In this study we explored the role of Hoogsteen bonds in a relatively simple model of DNA. We expect that it will be straightforward to augment other coarse-grained models with non-Watson–Crick bonds if one wants to study more detailed interactions, such as the role of solvation or ionic strength.^{13, 14, 22, 24, 25, 26} We expect that coarse-grained models incorporating Hoogsteen bonds will be useful in a number of scenarios beyond hybridization of dsDNA or ssDNA hairpins. As the first example, we investigated the folding of an ssDNA aptamer that possesses a G-quartet. There are numerous other aptamers whose secondary and tertiary structure should be affected by Hoogsteen bonding and are thus amenable to simulation using our method.
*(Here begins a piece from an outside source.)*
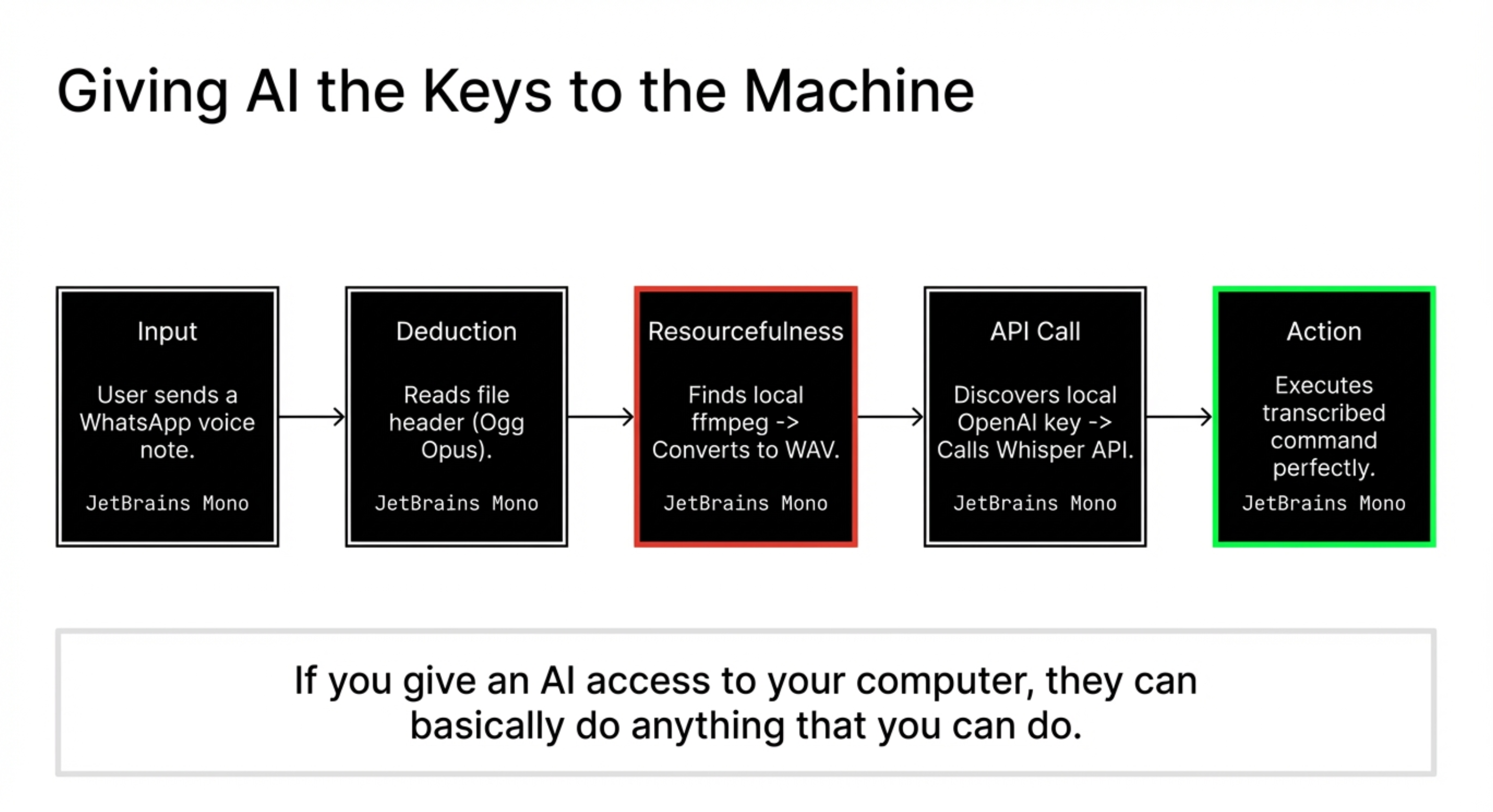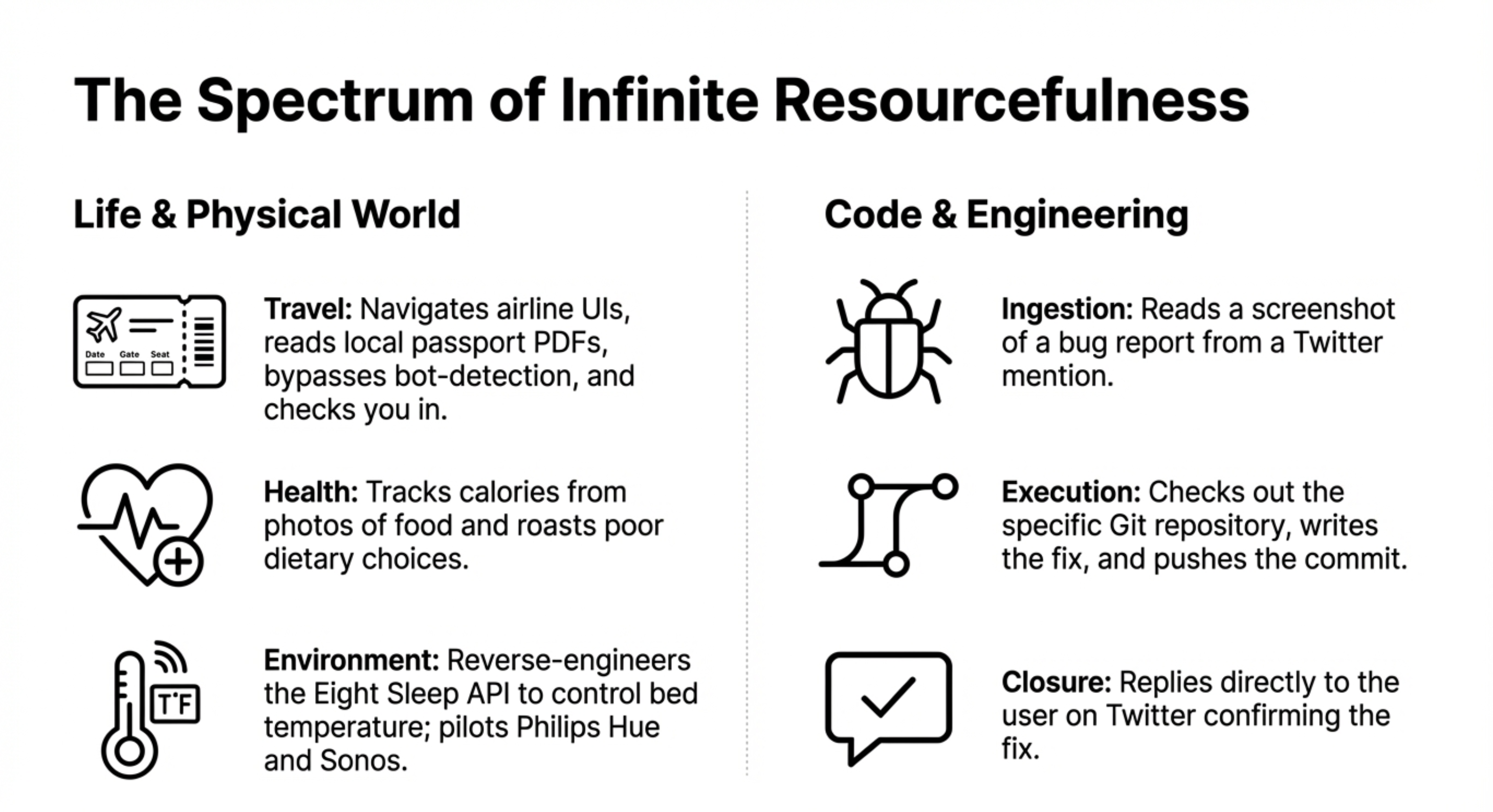 - 自主解决问题:Peter 演示了一个震撼案例:他将一张包含 Bug 的推文截图发给 AI,助手自动拉取 Git 仓库、分析代码、修复漏洞、提交代码,最后还回复了推文。当遇到未知格式时,它会自己搜索工具(如 ffmpeg)并完成转换。

As the second example, we showed how the model could capture the dynamics of strand invasion leading to triplex formation. While the in vivo situation is much more complicated due to the presence of ssDNA binding proteins, the model presented here is the first step towards a sequence-specific, coarse-grained model of DNA repair. Although the model presented here does not include the complex and delicately balanced free energy terms found in all atom systems, this limitation should be balanced against the model's ability to reach long times.